In a demonstration for Fortune, OpenAI researchers asked the system to summarize an article about itself, but using only words that start with the letter ‘G’—which GPT-4 was able to do relatively coherently. Sutskever said that GPT-3.5 would have flubbed the task, resorting to some words that did not start with ‘G.’ In another example, GPT-4 was presented with part of the U.S. tax code and then given a scenario about a specific couple and asked to calculate how much tax they owed, with reference to the passage of regulations it had just been given. GPT-4 seemingly came up with the right amount of tax in about a second. (Although I was not able to go back through and double-check its answer.)
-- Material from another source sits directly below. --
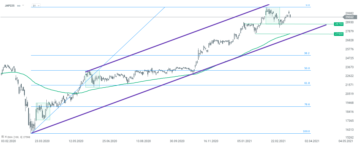 Le JAP225 n'a pas réussi à atteindre ses récents sommets et est repassé sous la barre des 30 000 points après la révision de la politique de la BoJ. Comme la BoJ n'achètera plus d'ETF Nikkei 225, l'indice perdra un soutien important qui est intervenu pour acheter les dips pendant la correction. Le JAP225 pourrait entamer une phase de sous-performance. Si la baisse se poursuit, le support à surveiller à court terme se trouve à la limite inférieure de la géométrie de marché 1:1 (28 750 pts). Si cela ne suffit pas à arrêter les vendeurs, le prochain support peut être trouvé dans la zone des 27 600 pts, où se trouvent la moyenne mobile de 100 séances et la limite inférieure du canal ascendant.
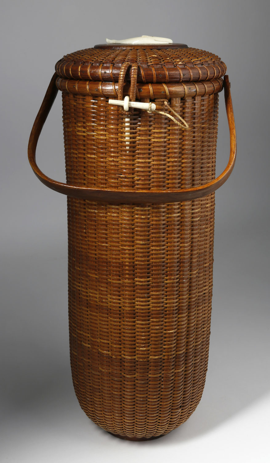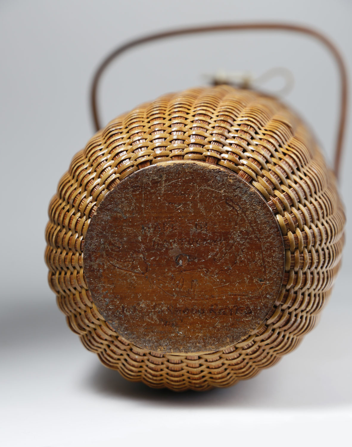 José Formoso Reyes (1902-1980) Knitting Basket, circa 1955, the leather loop hinges to a round cover mounted with a whale ivory carved sperm whale by Charlie Sayle, on a tall round basket with a swing handle, whale ivory clasp and peg, signed upon the base “Made in Nantucket, José Formoso Reyes” and outlined map of Nantucket Island.

Despite impressive demonstrations, some A.I. researchers and technologists say that systems like GPT-4 are still not reliable enough for many enterprise use cases, particularly when it comes to information retrieval, because of the chance of hallucination. In cases where a human is asking it a question to which that user doesn’t know the answer, GPT-4 is still probably not appropriate. “Even if the hallucination rate goes down, until it is infinitesimal, or at least as small as would be the case with an expert human analyst, it is probably not appropriate to use it,” Aaron Kalb, co-founder and chief strategy officer at Alation, a software company that builds data cataloging and retrieval software.

He also said that even prompting the model to answer only from a particular set of data or only using the model to summarize information surfaced through a traditional search algorithm might not be sufficient to be certain the model wasn’t making up some part of its answer or surfacing inaccurate or outdated information that it had ingested during its pre-training.

Kalb said whether it was appropriate to use large language models would depend on the use case and whether it was practical for a human to review the A.I.’s answers. He said that asking GPT-4 to generate marketing copy, in cases where that copy is going to be reviewed and edited by a human, was probably fine. But in situations where it wasn’t possible for a human to fact-check everything the model produced, relying on GPT-4’s answers might be dangerous.